FLOW and its many allies, from CAFO neighbors to trout fishers to city dwellers paying to clean up an uncontrolled wastestream delivered to them by rivers, have had enough. For too long, agricultural polluters have had a free pass and no accountability as we dump vast amounts taxpayer money into voluntary water quality measures that work only for a short time, or not at all. We’re looking for creative ways to fight back. Join us.

FLOW files amicus brief; urges Sixth Circuit Court of Appeals to remand Line 5 lawsuit back to state court

Read FLOW’s summary of the PLG Consulting report, Likely Market Responses to a Line 5 Shutdown



Traverse City, Mich.—Today, September 25, 2023, FLOW (For Love of Water) filed a motion with the Sixth Circuit Court of Appeals in the 2019 state lawsuit Attorney General Dana Nessel v. Enbridge, requesting the federal appeals court to accept an amicus brief that articulates why this case should be remanded back to state court where it belongs.

Built in 1953, Line 5 is a 70-year-old oil pipeline operating in fierce currents on the bottomlands of the Straits of Mackinac, where Lake Michigan and Lake Huron meet. The underwater pipeline has been repeatedly struck by ship’s anchors, and cables dragged by passing vessels have damaged the pipeline and its supports. Line 5 is uniquely vulnerable to multiple impacts that could result in irreversible environmental harm and billions of dollars of damage to the Great Lakes regional economy.

Three years after the Attorney General filed the 2019 state lawsuit, Enbridge in a procedural tactic removed the case to the federal district court in Grand Rapids, Michigan. The federal district court refused to remand the case back to state court. The Sixth Circuit Court of Appeals accepted Attorney General Nessel’s request to appeal the district court’s ruling in July, and has directed the Attorney General and Enbridge to submit legal arguments on whether to remand the case back to state court in Michigan.

The waters and bottomlands are sovereign public trust resources held by the State of Michigan in trust for the benefit of the citizens of Michigan and the Great Lakes region. Long-standing legal principles that balance federal and state interests weigh in favor states’ rights and jurisdiction over public navigable waters and bottomlands.

As an advocacy organization committed to protection of the precious state sovereign water resources, FLOW has requested permission to file a “friend of the court” brief, technically called an amicus brief, to provide the Sixth Circuit Court of Appeals our unique perspective regarding its knowledge and experience of Michigan and Great Lakes states’ sovereign ownership of public lands and water resources under the public trust doctrine.
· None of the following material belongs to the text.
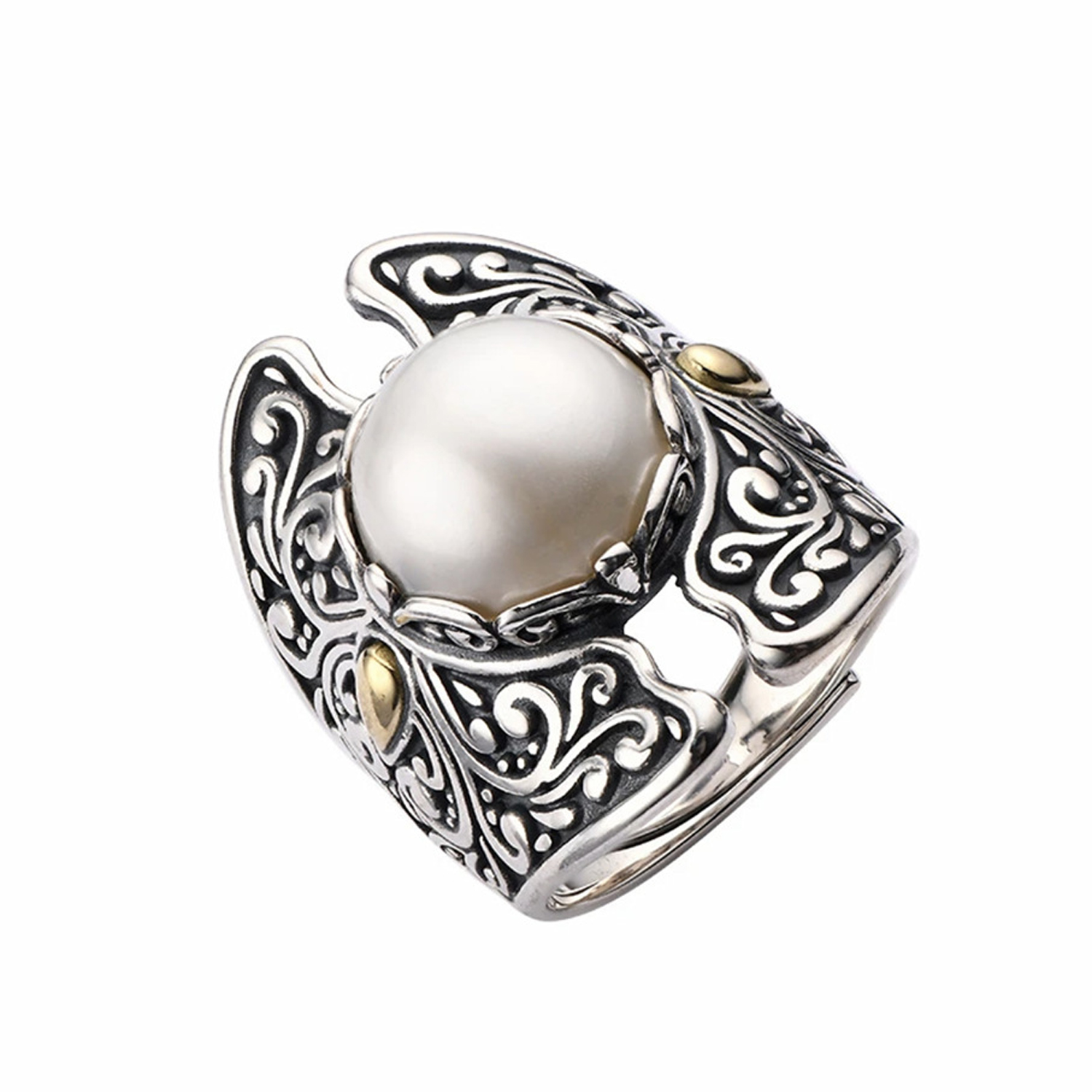 复古盾牌珠珠戒指女新中式做旧时尚宽版浮雕唐草纹开口可调节指环

State courts are the sworn guardians with a responsibility to protect the public’s rights in and uses of navigable waters and submerged lands throughout the Great Lakes region. Our shared waters are a public trust, and it is the duty of our state governments to act as stewards of this trust, ensuring that the interests of current and future generations are safeguarded.

But for the State of Michigan’s conditional authorization under public trust law, Line 5 could not have been built on the bottomlands of Lake Michigan in the Straits of Mackinac. When the state granted an easement to Enbridge’s predecessor 70 years ago, it was subject to the perpetual duty and right of the state to assure the public trust in the Great Lakes is never impaired. The easement was never properly authorized, and in any event, is subject to revocation and termination when the public trust waters and natural resources are threatened with risks of devastating harm. In the absence of that authorization and in the face of this extraordinary risk, Line 5 can not continue to operate.

The Great Lakes Business Network (GLBN) alongside 60 Tribes and First Nations have filed two additional amici briefs supporting the Attorney General’s request to remand the Line 5 public trust case back to state court.